Train Linear Regression With SkLearn

We are not using SageMaker built in algorithms here yet

Before we get into how to train a linear learner model using the Sagemaker algorithms, let’s go over how to do this briefly with SkLearn.

# using linear regression model
from sklearn.linear_model import LinearRegression
from sklearn.metrics import mean_squared_error, accuracy_score

regresssion_model_sklearn = LinearRegression(fit_intercept = True)
regresssion_model_sklearn.fit(X_train, y_train)

The fit intercept value determines whether our line is forced to start in the origin (fit_intercept = False) or whether we can have a b value and our line can start somewhere on the y-axis (fit_intercept = True)

And we then fed in the training data that we shaped.
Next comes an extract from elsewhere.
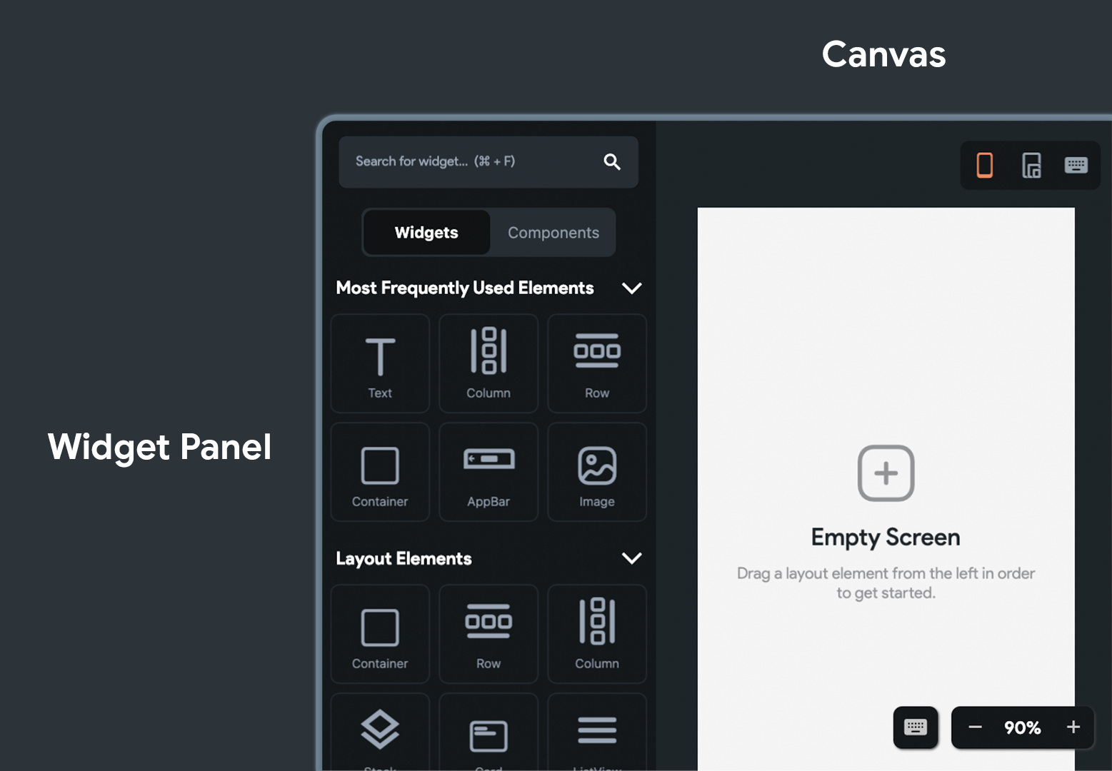 Canvas is the area where you would initially see “Empty Screen” written. The widgets can be found inside the Widget Panel section (present on the left) under the Widgets tab.

So we have successfully trained a model now.

LinearRegression(copy_X=True, fit_intercept=True, n_jobs=None, normalize=False)

We can then test the accuracy of our model with our test data

regresssion_model_sklearn_accuracy = regresssion_model_sklearn.score(X_test, y_test)
regresssion_model_sklearn_accuracy

and we have achieved greater than 96% accuracy

0.9645654317630646

and so we now have our parameters for our model of y=mx+b

print('Linear Model Coefficient (m): ', regresssion_model_sklearn.coef_)
print('Linear Model Coefficient (b): ', regresssion_model_sklearn.intercept_)
Linear Model Coefficient (m):  [[8804.039]]
Linear Model Coefficient (b):  [29180.527]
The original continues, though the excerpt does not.